▸ Your goal
Your answer must consist only of the lines from the start of the entries through the line that holds "6平米的厨房!打扫完报价24", copied exactly, with no pictures.

▸ Records
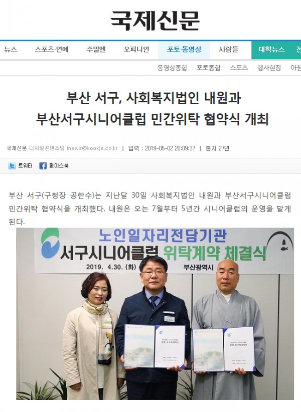 [언론보도:국제신문] 부산 서구, 사회복지법인 내원과 부산서구시니어클럽 민간위탁 협약식 개최
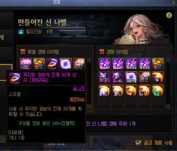 나벨 경매에는 더이상 사용처가 계시 1:1 교환밖에 없는 잔재가 "특별경매" 품목에 들어가 있습니다
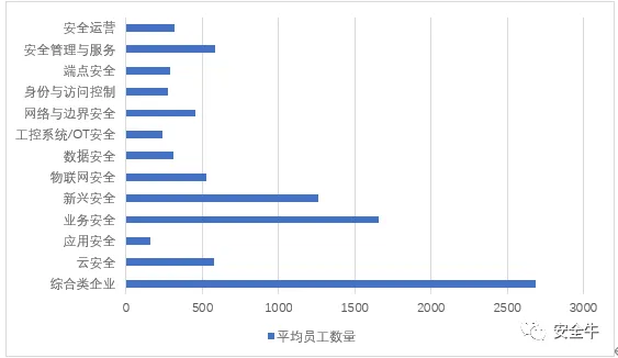 综合类企业普遍为大型厂商,规模通常较大,业务安全和新兴安全领域由于有大中型厂商的参与,平均人员规模也相对较大。而部分领域厂商由于其发展阶段、产品性质等因素,普遍规模不大。
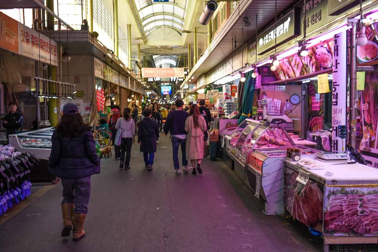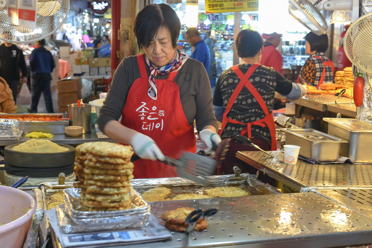 전통시장에서 빼놓을 수 없는 것은 먹거리다. 광장시장 먹거리가 많기로 소문났다. 시장에는 늘 고소한 냄새가 풍긴다. 40년이 넘은 육회 골목은 문 앞에서 대기표를 받아 들고 줄을 선 사람들로 붐빈다. 냄비가 넘치도록 재료가 담긴 시원한 대구 매운탕, 겨자소스를 찍어 먹는 마약김밥, 채소가 푸짐하게 들어간 비빔밥, 비 오는 날이면 더 좋은 도톰한 빈대떡은 광장시장의 명물이다.
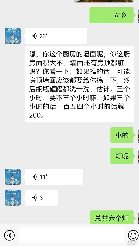 6平米的厨房!打扫完报价24小时!1200元!家政公司都把新客户当冲头吧!!!过年找了个叫尚新家政的公司,来家打扫厨房!报价50一小时,一个厨房一两百,最多三四百,我家的厨房不到6平方!结果当天陆陆续续来了5个人!因为是我爸找的家政公司,我以为这是正常的。结果一天下来走出走进,从8:30磨洋工到18:30,中午也在我家吃饭,晚上报价24小时!我的目的是清扫厨房!两个阿姨,把我厨房的碗搬出来,就开始
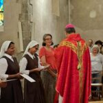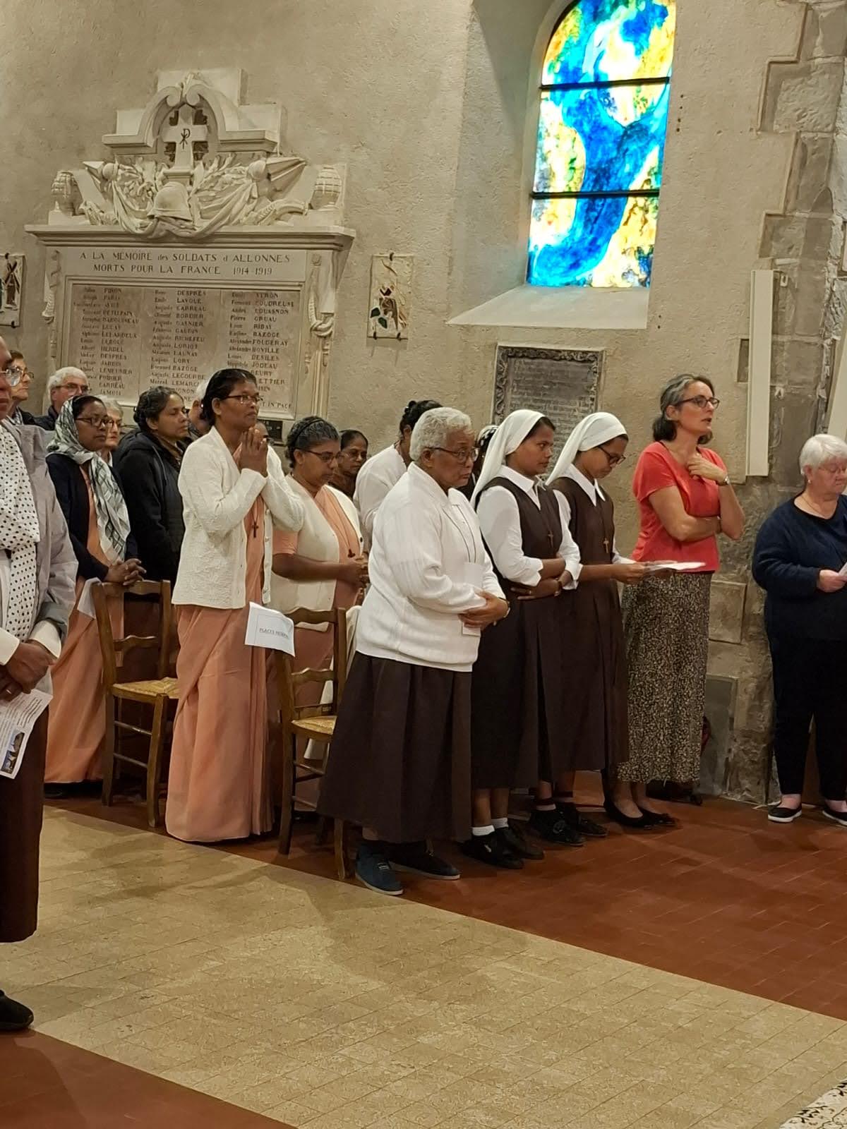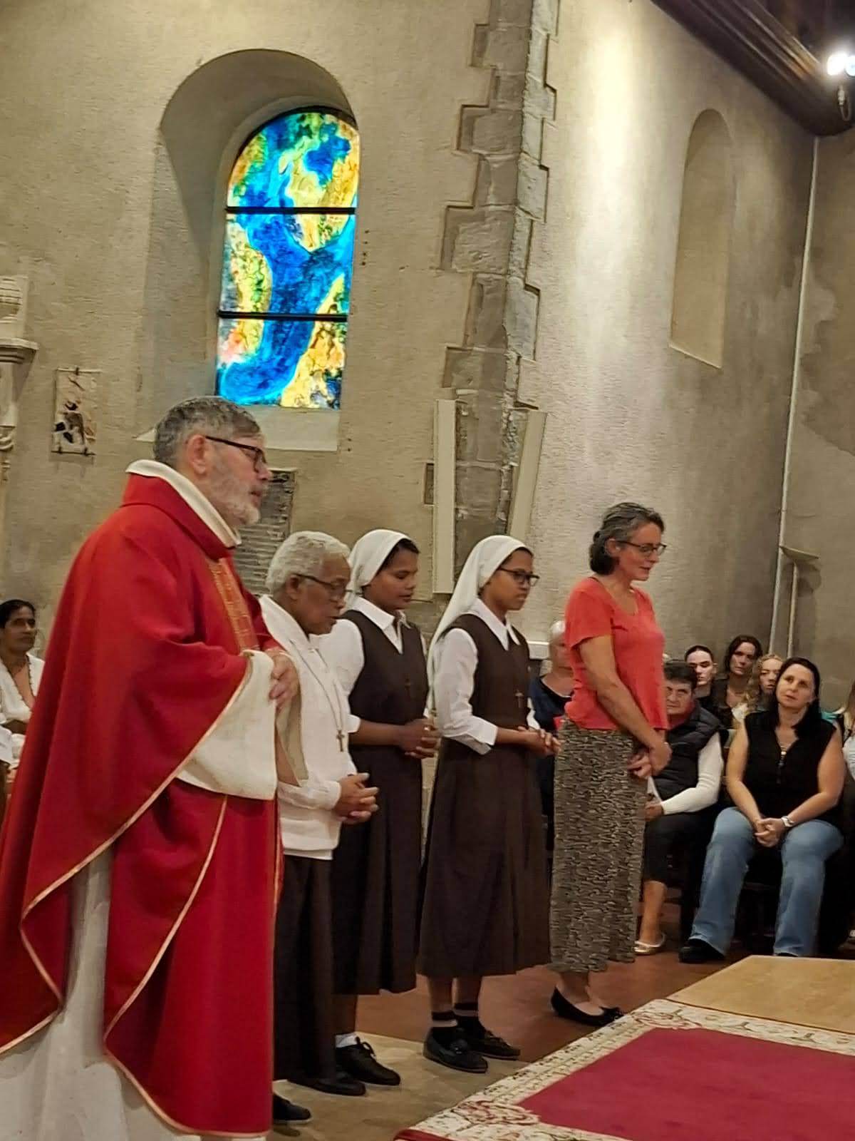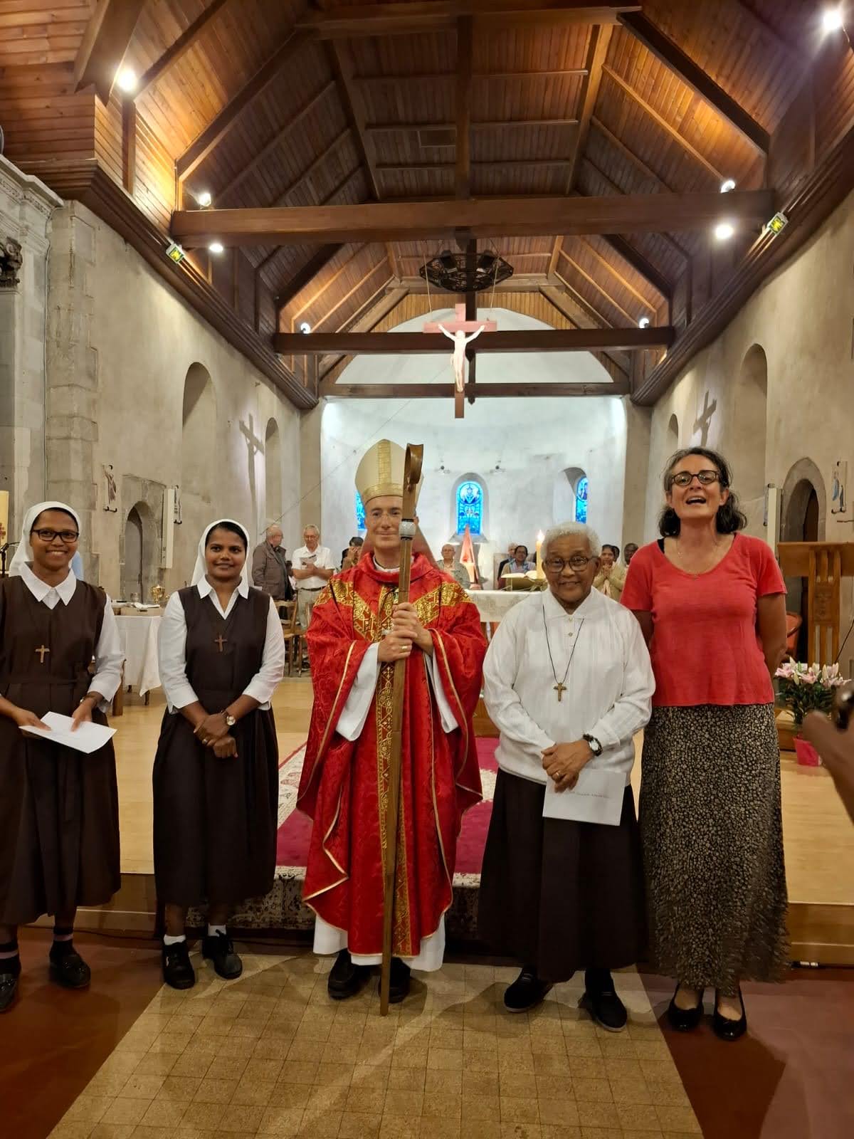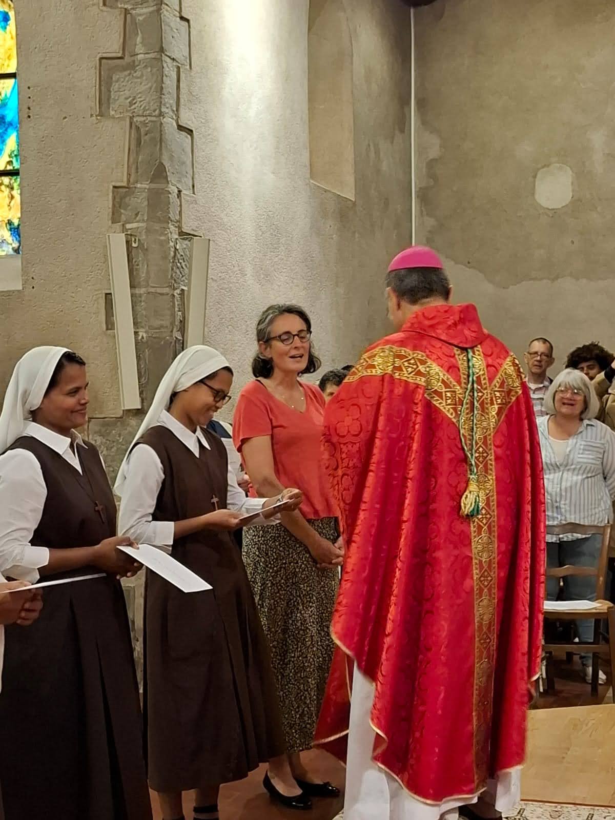 Le 13 septembre 2025, Mgr Vuillemin est venu accueillir les sœurs et Marie Jauffret qui ont reçu par des lettres de missions la charge de l’animation des deux paroisses. Comme le prévoit le code du droit canon :
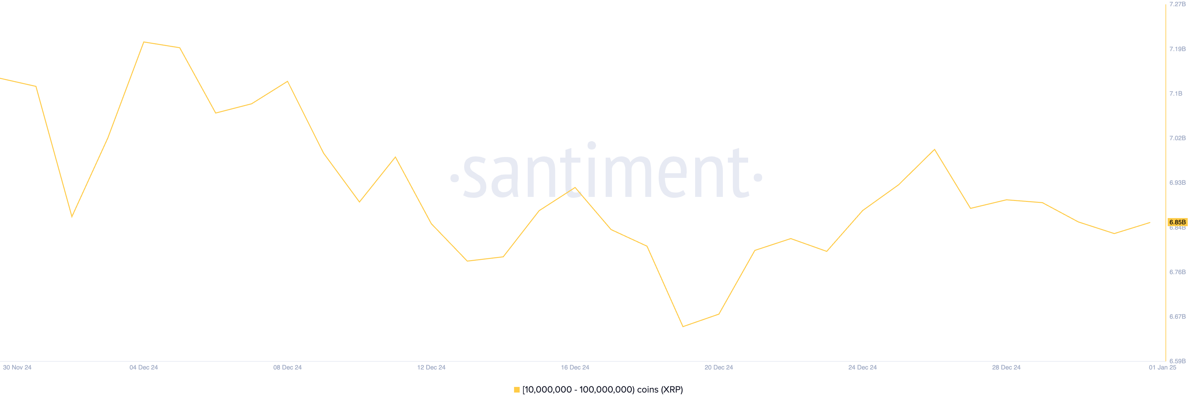Santiment के अनुसार, XRP व्हेल्स जो 10,000,000 से 100,000,000 टोकन्स को नियंत्रित करते हैं, उन्होंने 4 दिसंबर से अपनी होल्डिंग्स को 350 मिलियन XRP तक कम कर दिया है। इसका मतलब है कि समीक्षा की गई अवधि के दौरान, इस XRP निवेशकों के समूह ने सामूहिक रूप से $746 मिलियन के टोकन्स बेचे हैं, जो इसकी कीमत पर डाउनवर्ड प्रेशर में योगदान दे रहे हैं।
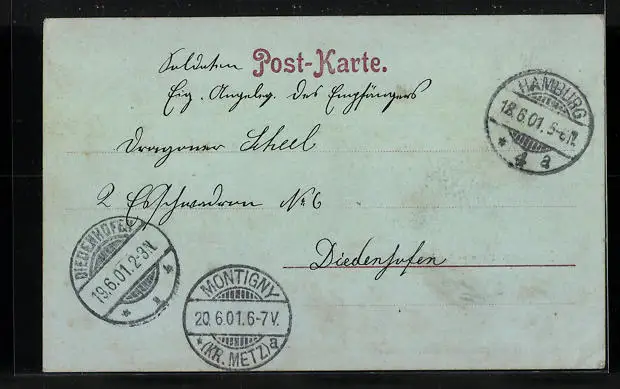alte Ansichtskarte, gelaufen 1901, Albumspuren, guter Zustand
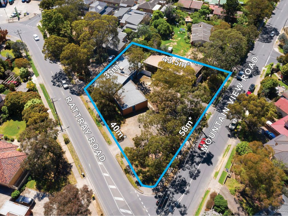The opportunities are endless with this unique corner site in the heart of Montmorency for Sale via Expressions Of Interest closing Thursday 10th December 3pm. Constructed with terracotta brick, glass windows and cathedral ceilings, the existing property is unique on all levels. The property comprises two separate buildings, a single level church/hall of 216m2* and a kindergarten of 263m2* with a landscaped playground shade structure. The property also features a generous 40m* frontage to Rattray Road and a 58m* frontage to Mountain View Road.
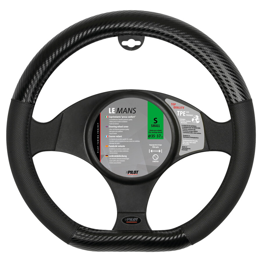 Coprivolante in Skeentex. Inserti in carbon opaco. Ottima presa in tutte le condizioni. Per volanti con diametro esterno 35>37cm
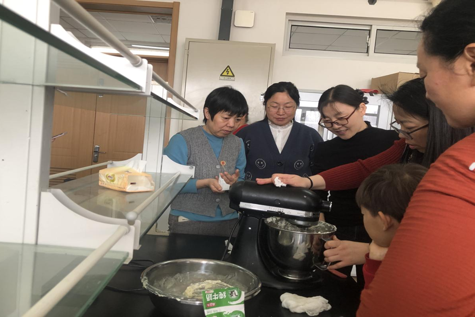在食品学院粮食工程系王燕斐副教授的指导下,烘焙DIY环节正式拉开帷幕。平日里执笔执教的双手在操作台前灵巧翻飞——称量配比、揉面塑形、创意装饰,女教职工们纷纷化身“烘焙达人”,全神贯注投入其中。大家一边切磋技艺,一边交流心得,欢声笑语与阵阵甜香交织弥漫。随着烤箱“叮”声陆续响起,形态各异的曲奇饼干、酥香可口的桃酥等作品相继出炉。看着自己亲手制作的劳动成果,大家脸上洋溢着满足与喜悦,在甜蜜的氤氲中度过了一段轻松惬意的美好时光。

▸ Solution to the exercise
 [언론보도:국제신문] 부산 서구, 사회복지법인 내원과 부산서구시니어클럽 민간위탁 협약식 개최
 나벨 경매에는 더이상 사용처가 계시 1:1 교환밖에 없는 잔재가 "특별경매" 품목에 들어가 있습니다
 综合类企业普遍为大型厂商,规模通常较大,业务安全和新兴安全领域由于有大中型厂商的参与,平均人员规模也相对较大。而部分领域厂商由于其发展阶段、产品性质等因素,普遍规模不大。
 전통시장에서 빼놓을 수 없는 것은 먹거리다. 광장시장 먹거리가 많기로 소문났다. 시장에는 늘 고소한 냄새가 풍긴다. 40년이 넘은 육회 골목은 문 앞에서 대기표를 받아 들고 줄을 선 사람들로 붐빈다. 냄비가 넘치도록 재료가 담긴 시원한 대구 매운탕, 겨자소스를 찍어 먹는 마약김밥, 채소가 푸짐하게 들어간 비빔밥, 비 오는 날이면 더 좋은 도톰한 빈대떡은 광장시장의 명물이다.
 6平米的厨房!打扫完报价24小时!1200元!家政公司都把新客户当冲头吧!!!过年找了个叫尚新家政的公司,来家打扫厨房!报价50一小时,一个厨房一两百,最多三四百,我家的厨房不到6平方!结果当天陆陆续续来了5个人!因为是我爸找的家政公司,我以为这是正常的。结果一天下来走出走进,从8:30磨洋工到18:30,中午也在我家吃饭,晚上报价24小时!我的目的是清扫厨房!两个阿姨,把我厨房的碗搬出来,就开始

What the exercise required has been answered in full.